Generalanwalt G. Federico Mancini · ECLI:EU:C:1988:310

Schlußanträge des Generalanwalts

G. Federico Mancini

vom 15. Juni 1988

Herr Präsident,

meine Herren Richter!

1. Mit den drei in Rede stehenden Vorlagen ersuchen Sie das Tribunal du travail Brüssel und der belgische Hof van Cassatie um Vorabentscheidung über die Auslegung der Bestimmungen des EWG-Vertrags über die Freizügigkeit und über den freien Dienstleistungsverkehr.

Die Parteien der jeweiligen Verfahren sind zum einen das Institut national d'assurances sociales pour travailleurs indépendants (im folgenden: Inasti) und zum anderen die Herren Christopher Stanton, ein Staatsangehöriger des Vereinigten Königreichs, der Beschäftigter einer britischen Versicherungsgesellschaft ist (Rechtssache 143/87), Heinrich Wolf, ein deutscher Staatsangehöriger, der als Ingenieur bei der Gesellschaft Degussa AG, Frankfurt, angestellt ist, und Wilfried Dorchain, ein belgischer Staatsangehöriger, der in der Bundesrepublik Deutschland bei der Ford-Werke AG arbeitet (verbundene Rechtssachen 154 und 155/87).

Neben diesen hauptberuflichen Tätigkeiten übt jede dieser Personen seit einiger Zeit die Funktion eines Verwaltungsratsmitglieds einer belgischen Gesellschaft aus, und zwar der Firma L'Étoile 1905, der NV Microtherm Europe und der PVBA Almare. Da das belgische Recht Verwaltungsratsmitglieder einer Handelsgesellschaft als Selbständige ansieht, verlangt das Inasti von Stanton, Wolf und Dorchain die Zahlung der entsprechenden Rentenbeiträge. Demgegenüber vertreten die drei Verwaltungsratsmitglieder die Ansicht, sie seien nicht beitragspflichtig, und führen dafür die folgenden Argumente an: a) Sie seien als Arbeitnehmer bei dem Versorgungssystem ihres jeweiligen Beschäftigungsstaats pflichtversichert, b) nach den belgischen Rechtsvorschriften sei der Selbständige, der bereits als Arbeitnehmer Beiträge an ein nationales Versorgungssystem zahle, aus diesem Grund von der Zahlung zusätzlicher sozialer Abgaben befreit, und c) es verstoße gegen den Grundsatz der Gleichbehandlung und die Gemeinschaftsvorschriften über die Freizügigkeit der Arbeitnehmer, wie das Inasti den Einwand zu erheben, daß ihre Beiträge an Versorgungssysteme anderer Mitgliedstaaten als Belgien gezahlt würden.

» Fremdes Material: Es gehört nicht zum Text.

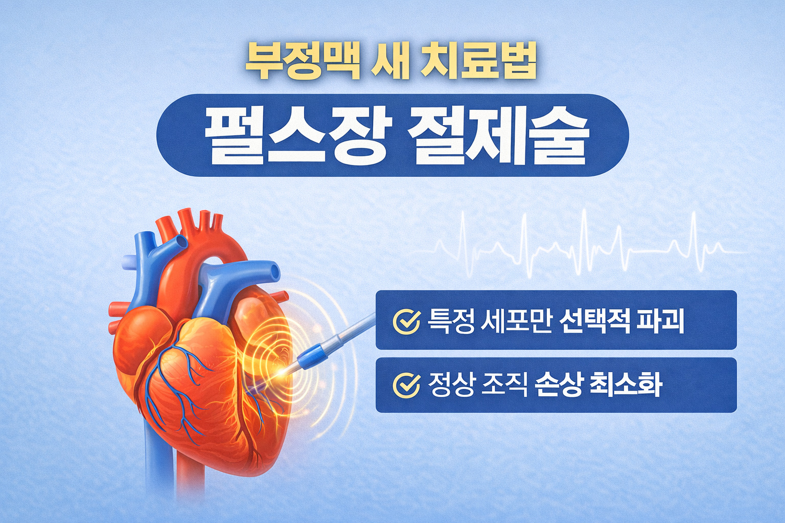 부정맥 치료는 그동안 심장 조직을 태워 없애는 방식이 주를 이뤄 왔습니다. 하지만 최근에는 주변 조직 손상을 최소화하면서, 문제 세포만 선택적으로 제거하는 새로운 치료법이 주목받고 있습니다. 바로 ‘펄스장(Pulsed Field) 치료’입니다.

Angesichts dieser Argumente haben das Tribunal du travail Brüssel (Rechtssache 143/87) und der belgische Hof van Cassatie (Rechtssachen 154 und 155/87) Ihnen mit Urteilen vom 30. April und vom 4. Mai 1987 im wesentlichen identische Fragen gestellt. Ich fasse diese wie folgt zusammen: Sind die Artikel 52 ff. EWG-Vertrag dahin gehend auszulegen, daß mit ihnen Rechtsvorschriften eines Mitgliedstaats unvereinbar sind, wonach Selbständige von der Entrichtung der Sozialversicherungsbeiträge befreit sind, wenn sie bereits bei einem Versorgungssystem dieses Staates versichert sind, während dieser Vorteil Selbständigen, die hinsichtlich ihrer unselbständigen Erwerbstätigkeit unter ein Versorgungssystem eines anderen Mitgliedstaats fallen, nicht gewährt wird?

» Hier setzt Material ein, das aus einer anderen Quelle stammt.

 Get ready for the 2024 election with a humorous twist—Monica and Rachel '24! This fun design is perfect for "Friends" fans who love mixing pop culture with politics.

In diesem Verfahren haben das Inasti, die belgische Regierung und die Kommission der Europäischen Gemeinschaften (Rechtssache 143/87 und verbundene Rechtssachen 154 und 155/87), Herr Stanton und die Firma L'Étoile 1905 (Rechtssache 143/87), Herr Wolf und die NV Microtherm Europe (verbundene Rechtssachen 154 und 155/87) schriftliche Erklärungen eingereicht. Das Inasti, die Kommission und Herr Wolf sind in der mündlichen Verhandlung aufgetreten.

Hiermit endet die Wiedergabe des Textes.